(Data section begins)

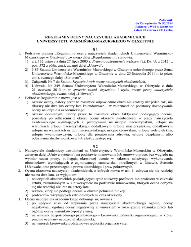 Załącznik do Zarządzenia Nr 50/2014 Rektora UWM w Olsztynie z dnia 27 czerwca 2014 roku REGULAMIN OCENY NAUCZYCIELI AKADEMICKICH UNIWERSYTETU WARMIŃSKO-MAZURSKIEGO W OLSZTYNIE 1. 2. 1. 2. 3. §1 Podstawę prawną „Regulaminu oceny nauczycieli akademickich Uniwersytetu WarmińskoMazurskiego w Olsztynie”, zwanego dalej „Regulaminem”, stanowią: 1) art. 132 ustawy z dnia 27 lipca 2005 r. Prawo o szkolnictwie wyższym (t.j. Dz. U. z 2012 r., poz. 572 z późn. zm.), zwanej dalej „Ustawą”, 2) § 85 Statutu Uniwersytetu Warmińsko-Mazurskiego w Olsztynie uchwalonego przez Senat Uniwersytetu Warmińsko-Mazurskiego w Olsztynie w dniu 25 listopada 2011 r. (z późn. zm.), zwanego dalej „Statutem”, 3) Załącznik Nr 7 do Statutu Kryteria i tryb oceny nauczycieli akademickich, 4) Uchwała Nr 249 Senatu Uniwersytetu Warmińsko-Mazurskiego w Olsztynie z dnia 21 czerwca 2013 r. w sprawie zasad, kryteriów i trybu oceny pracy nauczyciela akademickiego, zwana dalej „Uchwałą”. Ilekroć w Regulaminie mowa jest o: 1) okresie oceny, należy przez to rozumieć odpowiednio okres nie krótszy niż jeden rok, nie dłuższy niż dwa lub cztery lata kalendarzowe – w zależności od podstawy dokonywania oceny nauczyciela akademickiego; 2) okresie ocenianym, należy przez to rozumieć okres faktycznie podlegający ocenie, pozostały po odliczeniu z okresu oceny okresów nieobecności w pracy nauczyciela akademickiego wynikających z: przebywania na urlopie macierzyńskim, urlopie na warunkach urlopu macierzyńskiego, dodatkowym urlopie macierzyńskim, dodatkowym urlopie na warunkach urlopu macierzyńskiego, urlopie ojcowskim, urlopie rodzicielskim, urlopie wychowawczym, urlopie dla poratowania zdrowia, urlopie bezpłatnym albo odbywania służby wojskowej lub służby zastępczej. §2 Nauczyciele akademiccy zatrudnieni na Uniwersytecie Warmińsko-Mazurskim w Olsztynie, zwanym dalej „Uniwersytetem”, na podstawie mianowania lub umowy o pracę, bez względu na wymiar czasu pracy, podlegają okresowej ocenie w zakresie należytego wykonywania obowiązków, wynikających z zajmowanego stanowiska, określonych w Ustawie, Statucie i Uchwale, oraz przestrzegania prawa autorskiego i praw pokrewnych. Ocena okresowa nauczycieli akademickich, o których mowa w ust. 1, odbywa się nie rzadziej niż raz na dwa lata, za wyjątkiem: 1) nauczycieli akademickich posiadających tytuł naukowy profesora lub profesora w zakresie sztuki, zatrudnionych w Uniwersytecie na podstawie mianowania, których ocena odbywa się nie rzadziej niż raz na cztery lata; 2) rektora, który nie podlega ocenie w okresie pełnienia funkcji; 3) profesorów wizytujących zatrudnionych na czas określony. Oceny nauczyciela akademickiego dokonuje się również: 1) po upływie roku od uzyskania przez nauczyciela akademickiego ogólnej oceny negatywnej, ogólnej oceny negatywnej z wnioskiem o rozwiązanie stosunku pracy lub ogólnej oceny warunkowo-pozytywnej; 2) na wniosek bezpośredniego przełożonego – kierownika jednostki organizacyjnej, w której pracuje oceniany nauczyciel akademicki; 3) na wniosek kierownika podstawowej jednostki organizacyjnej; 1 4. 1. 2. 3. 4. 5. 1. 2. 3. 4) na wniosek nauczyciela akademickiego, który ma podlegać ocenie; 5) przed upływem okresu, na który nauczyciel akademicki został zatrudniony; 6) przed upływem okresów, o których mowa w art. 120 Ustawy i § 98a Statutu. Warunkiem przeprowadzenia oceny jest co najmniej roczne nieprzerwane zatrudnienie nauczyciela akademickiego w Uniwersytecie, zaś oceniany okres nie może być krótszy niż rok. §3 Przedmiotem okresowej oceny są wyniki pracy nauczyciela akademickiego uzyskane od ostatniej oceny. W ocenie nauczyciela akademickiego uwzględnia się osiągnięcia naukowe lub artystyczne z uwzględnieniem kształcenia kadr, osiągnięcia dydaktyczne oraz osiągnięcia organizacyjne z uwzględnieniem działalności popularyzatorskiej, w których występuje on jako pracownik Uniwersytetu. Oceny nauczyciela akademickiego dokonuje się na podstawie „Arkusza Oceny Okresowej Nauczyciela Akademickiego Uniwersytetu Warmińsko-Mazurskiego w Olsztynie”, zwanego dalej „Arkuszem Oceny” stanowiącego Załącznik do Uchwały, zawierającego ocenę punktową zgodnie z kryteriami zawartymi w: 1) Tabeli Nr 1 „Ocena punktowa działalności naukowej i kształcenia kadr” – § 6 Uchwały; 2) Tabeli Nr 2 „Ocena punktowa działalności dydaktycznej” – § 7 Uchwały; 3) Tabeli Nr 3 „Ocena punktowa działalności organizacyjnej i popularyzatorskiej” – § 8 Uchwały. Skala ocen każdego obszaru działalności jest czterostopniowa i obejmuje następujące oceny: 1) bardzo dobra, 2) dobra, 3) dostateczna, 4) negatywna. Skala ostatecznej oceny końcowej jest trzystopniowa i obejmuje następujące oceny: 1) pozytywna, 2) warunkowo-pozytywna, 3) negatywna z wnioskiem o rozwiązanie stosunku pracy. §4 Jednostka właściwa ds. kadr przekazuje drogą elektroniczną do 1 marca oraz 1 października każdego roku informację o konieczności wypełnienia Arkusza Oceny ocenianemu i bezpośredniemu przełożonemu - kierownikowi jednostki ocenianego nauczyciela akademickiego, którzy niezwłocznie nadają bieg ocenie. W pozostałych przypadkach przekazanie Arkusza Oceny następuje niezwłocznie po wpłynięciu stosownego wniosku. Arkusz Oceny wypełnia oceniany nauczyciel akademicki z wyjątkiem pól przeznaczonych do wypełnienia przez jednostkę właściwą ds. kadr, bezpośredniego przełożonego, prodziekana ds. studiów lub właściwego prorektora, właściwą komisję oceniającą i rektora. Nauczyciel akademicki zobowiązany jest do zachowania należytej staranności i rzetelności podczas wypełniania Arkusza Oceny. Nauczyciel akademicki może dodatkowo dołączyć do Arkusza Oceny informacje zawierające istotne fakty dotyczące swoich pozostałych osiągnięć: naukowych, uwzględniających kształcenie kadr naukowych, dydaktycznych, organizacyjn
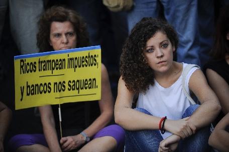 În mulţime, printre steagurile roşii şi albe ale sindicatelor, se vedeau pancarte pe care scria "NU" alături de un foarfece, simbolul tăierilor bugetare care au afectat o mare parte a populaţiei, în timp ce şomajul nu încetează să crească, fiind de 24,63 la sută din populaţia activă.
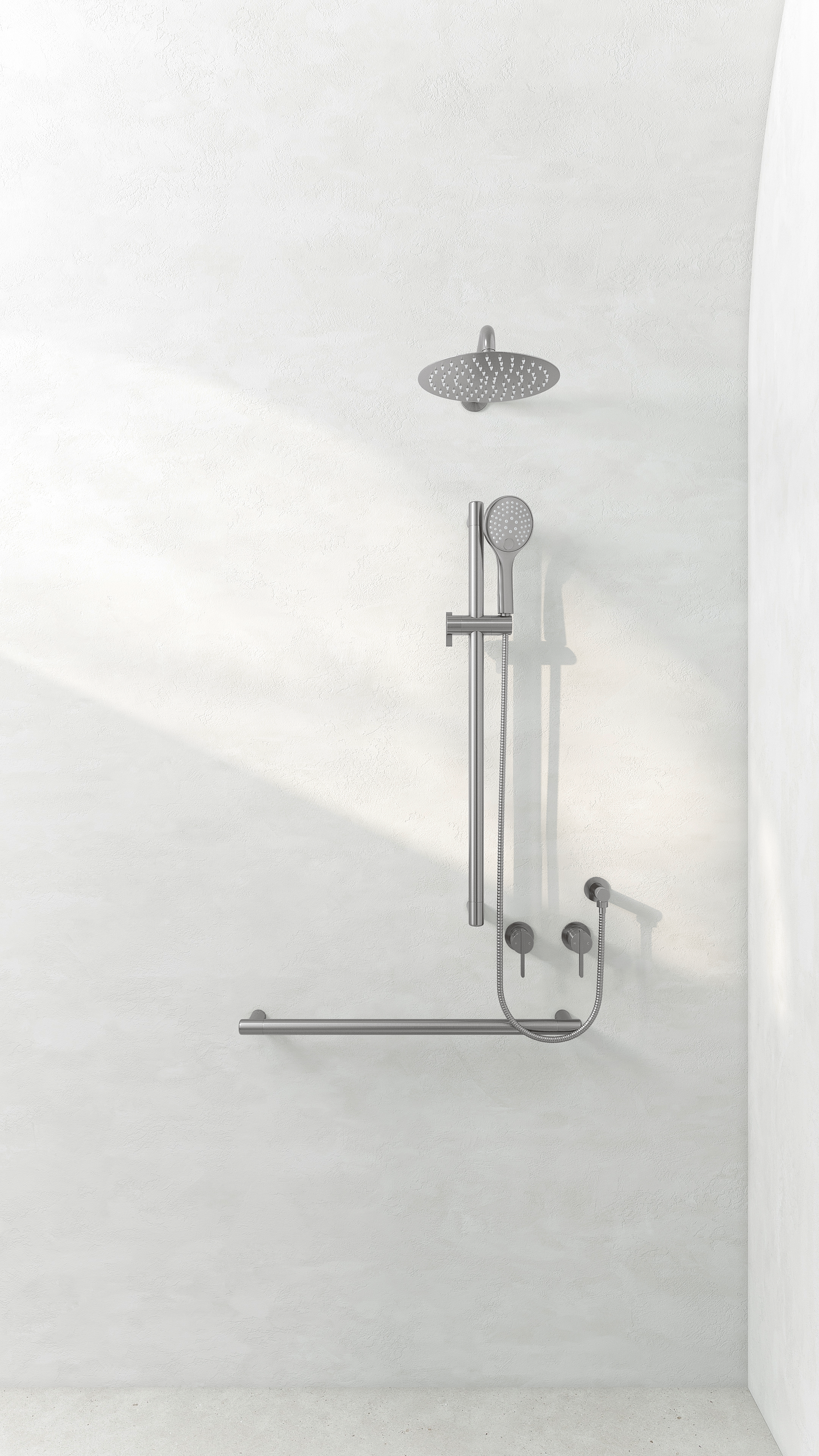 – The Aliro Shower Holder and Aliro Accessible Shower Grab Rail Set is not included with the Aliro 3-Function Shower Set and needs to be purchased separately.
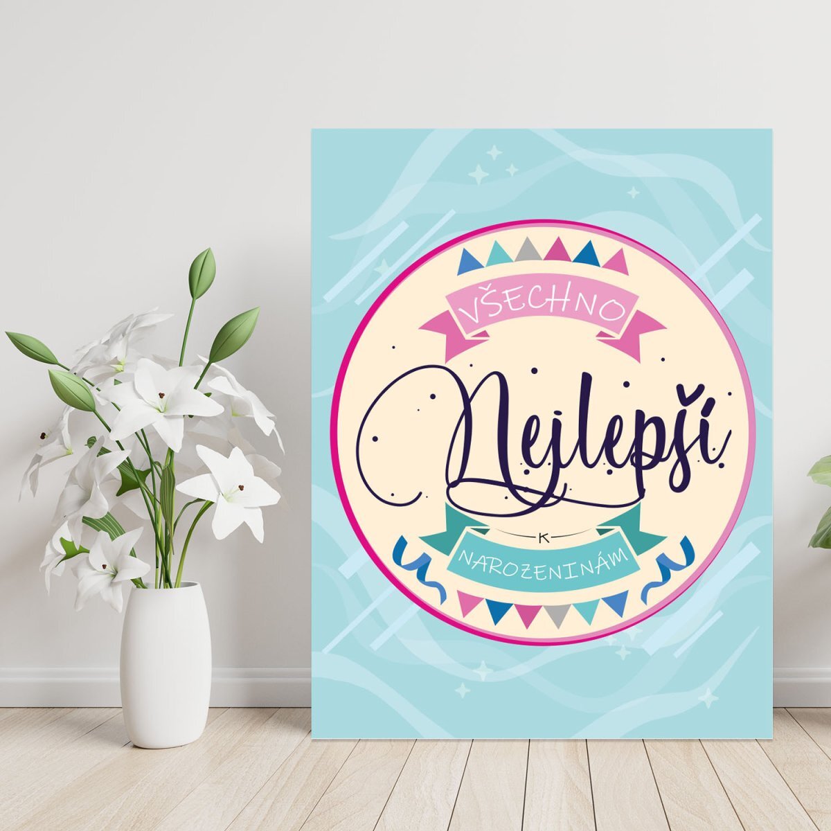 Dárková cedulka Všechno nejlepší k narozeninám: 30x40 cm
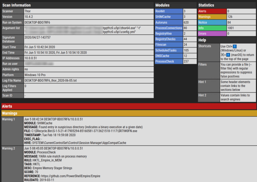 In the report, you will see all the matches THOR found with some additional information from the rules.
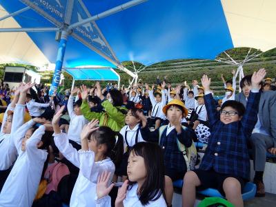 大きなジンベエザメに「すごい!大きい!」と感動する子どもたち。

(Data section ends)

Please return all of the entries word for word, excluding the pictures.

** Written solution **
 Załącznik do Zarządzenia Nr 50/2014 Rektora UWM w Olsztynie z dnia 27 czerwca 2014 roku REGULAMIN OCENY NAUCZYCIELI AKADEMICKICH UNIWERSYTETU WARMIŃSKO-MAZURSKIEGO W OLSZTYNIE 1. 2. 1. 2. 3. §1 Podstawę prawną „Regulaminu oceny nauczycieli akademickich Uniwersytetu WarmińskoMazurskiego w Olsztynie”, zwanego dalej „Regulaminem”, stanowią: 1) art. 132 ustawy z dnia 27 lipca 2005 r. Prawo o szkolnictwie wyższym (t.j. Dz. U. z 2012 r., poz. 572 z późn. zm.), zwanej dalej „Ustawą”, 2) § 85 Statutu Uniwersytetu Warmińsko-Mazurskiego w Olsztynie uchwalonego przez Senat Uniwersytetu Warmińsko-Mazurskiego w Olsztynie w dniu 25 listopada 2011 r. (z późn. zm.), zwanego dalej „Statutem”, 3) Załącznik Nr 7 do Statutu Kryteria i tryb oceny nauczycieli akademickich, 4) Uchwała Nr 249 Senatu Uniwersytetu Warmińsko-Mazurskiego w Olsztynie z dnia 21 czerwca 2013 r. w sprawie zasad, kryteriów i trybu oceny pracy nauczyciela akademickiego, zwana dalej „Uchwałą”. Ilekroć w Regulaminie mowa jest o: 1) okresie oceny, należy przez to rozumieć odpowiednio okres nie krótszy niż jeden rok, nie dłuższy niż dwa lub cztery lata kalendarzowe – w zależności od podstawy dokonywania oceny nauczyciela akademickiego; 2) okresie ocenianym, należy przez to rozumieć okres faktycznie podlegający ocenie, pozostały po odliczeniu z okresu oceny okresów nieobecności w pracy nauczyciela akademickiego wynikających z: przebywania na urlopie macierzyńskim, urlopie na warunkach urlopu macierzyńskiego, dodatkowym urlopie macierzyńskim, dodatkowym urlopie na warunkach urlopu macierzyńskiego, urlopie ojcowskim, urlopie rodzicielskim, urlopie wychowawczym, urlopie dla poratowania zdrowia, urlopie bezpłatnym albo odbywania służby wojskowej lub służby zastępczej. §2 Nauczyciele akademiccy zatrudnieni na Uniwersytecie Warmińsko-Mazurskim w Olsztynie, zwanym dalej „Uniwersytetem”, na podstawie mianowania lub umowy o pracę, bez względu na wymiar czasu pracy, podlegają okresowej ocenie w zakresie należytego wykonywania obowiązków, wynikających z zajmowanego stanowiska, określonych w Ustawie, Statucie i Uchwale, oraz przestrzegania prawa autorskiego i praw pokrewnych. Ocena okresowa nauczycieli akademickich, o których mowa w ust. 1, odbywa się nie rzadziej niż raz na dwa lata, za wyjątkiem: 1) nauczycieli akademickich posiadających tytuł naukowy profesora lub profesora w zakresie sztuki, zatrudnionych w Uniwersytecie na podstawie mianowania, których ocena odbywa się nie rzadziej niż raz na cztery lata; 2) rektora, który nie podlega ocenie w okresie pełnienia funkcji; 3) profesorów wizytujących zatrudnionych na czas określony. Oceny nauczyciela akademickiego dokonuje się również: 1) po upływie roku od uzyskania przez nauczyciela akademickiego ogólnej oceny negatywnej, ogólnej oceny negatywnej z wnioskiem o rozwiązanie stosunku pracy lub ogólnej oceny warunkowo-pozytywnej; 2) na wniosek bezpośredniego przełożonego – kierownika jednostki organizacyjnej, w której pracuje oceniany nauczyciel akademicki; 3) na wniosek kierownika podstawowej jednostki organizacyjnej; 1 4. 1. 2. 3. 4. 5. 1. 2. 3. 4) na wniosek nauczyciela akademickiego, który ma podlegać ocenie; 5) przed upływem okresu, na który nauczyciel akademicki został zatrudniony; 6) przed upływem okresów, o których mowa w art. 120 Ustawy i § 98a Statutu. Warunkiem przeprowadzenia oceny jest co najmniej roczne nieprzerwane zatrudnienie nauczyciela akademickiego w Uniwersytecie, zaś oceniany okres nie może być krótszy niż rok. §3 Przedmiotem okresowej oceny są wyniki pracy nauczyciela akademickiego uzyskane od ostatniej oceny. W ocenie nauczyciela akademickiego uwzględnia się osiągnięcia naukowe lub artystyczne z uwzględnieniem kształcenia kadr, osiągnięcia dydaktyczne oraz osiągnięcia organizacyjne z uwzględnieniem działalności popularyzatorskiej, w których występuje on jako pracownik Uniwersytetu. Oceny nauczyciela akademickiego dokonuje się na podstawie „Arkusza Oceny Okresowej Nauczyciela Akademickiego Uniwersytetu Warmińsko-Mazurskiego w Olsztynie”, zwanego dalej „Arkuszem Oceny” stanowiącego Załącznik do Uchwały, zawierającego ocenę punktową zgodnie z kryteriami zawartymi w: 1) Tabeli Nr 1 „Ocena punktowa działalności naukowej i kształcenia kadr” – § 6 Uchwały; 2) Tabeli Nr 2 „Ocena punktowa działalności dydaktycznej” – § 7 Uchwały; 3) Tabeli Nr 3 „Ocena punktowa działalności organizacyjnej i popularyzatorskiej” – § 8 Uchwały. Skala ocen każdego obszaru działalności jest czterostopniowa i obejmuje następujące oceny: 1) bardzo dobra, 2) dobra, 3) dostateczna, 4) negatywna. Skala ostatecznej oceny końcowej jest trzystopniowa i obejmuje następujące oceny: 1) pozytywna, 2) warunkowo-pozytywna, 3) negatywna z wnioskiem o rozwiązanie stosunku pracy. §4 Jednostka właściwa ds. kadr przekazuje drogą elektroniczną do 1 marca oraz 1 października każdego roku informację o konieczności wypełnienia Arkusza Oceny ocenianemu i bezpośredniemu przełożonemu - kierownikowi jednostki ocenianego nauczyciela akademickiego, którzy niezwłocznie nadają bieg ocenie. W pozostałych przypadkach przekazanie Arkusza Oceny następuje niezwłocznie po wpłynięciu stosownego wniosku. Arkusz Oceny wypełnia oceniany nauczyciel akademicki z wyjątkiem pól przeznaczonych do wypełnienia przez jednostkę właściwą ds. kadr, bezpośredniego przełożonego, prodziekana ds. studiów lub właściwego prorektora, właściwą komisję oceniającą i rektora. Nauczyciel akademicki zobowiązany jest do zachowania należytej staranności i rzetelności podczas wypełniania Arkusza Oceny. Nauczyciel akademicki może dodatkowo dołączyć do Arkusza Oceny informacje zawierające istotne fakty dotyczące swoich pozostałych osiągnięć: naukowych, uwzględniających kształcenie kadr naukowych, dydaktycznych, organizacyjn
 În mulţime, printre steagurile roşii şi albe ale sindicatelor, se vedeau pancarte pe care scria "NU" alături de un foarfece, simbolul tăierilor bugetare care au afectat o mare parte a populaţiei, în timp ce şomajul nu încetează să crească, fiind de 24,63 la sută din populaţia activă.
 – The Aliro Shower Holder and Aliro Accessible Shower Grab Rail Set is not included with the Aliro 3-Function Shower Set and needs to be purchased separately.
 Dárková cedulka Všechno nejlepší k narozeninám: 30x40 cm
 In the report, you will see all the matches THOR found with some additional information from the rules.
 大きなジンベエザメに「すごい!大きい!」と感動する子どもたち。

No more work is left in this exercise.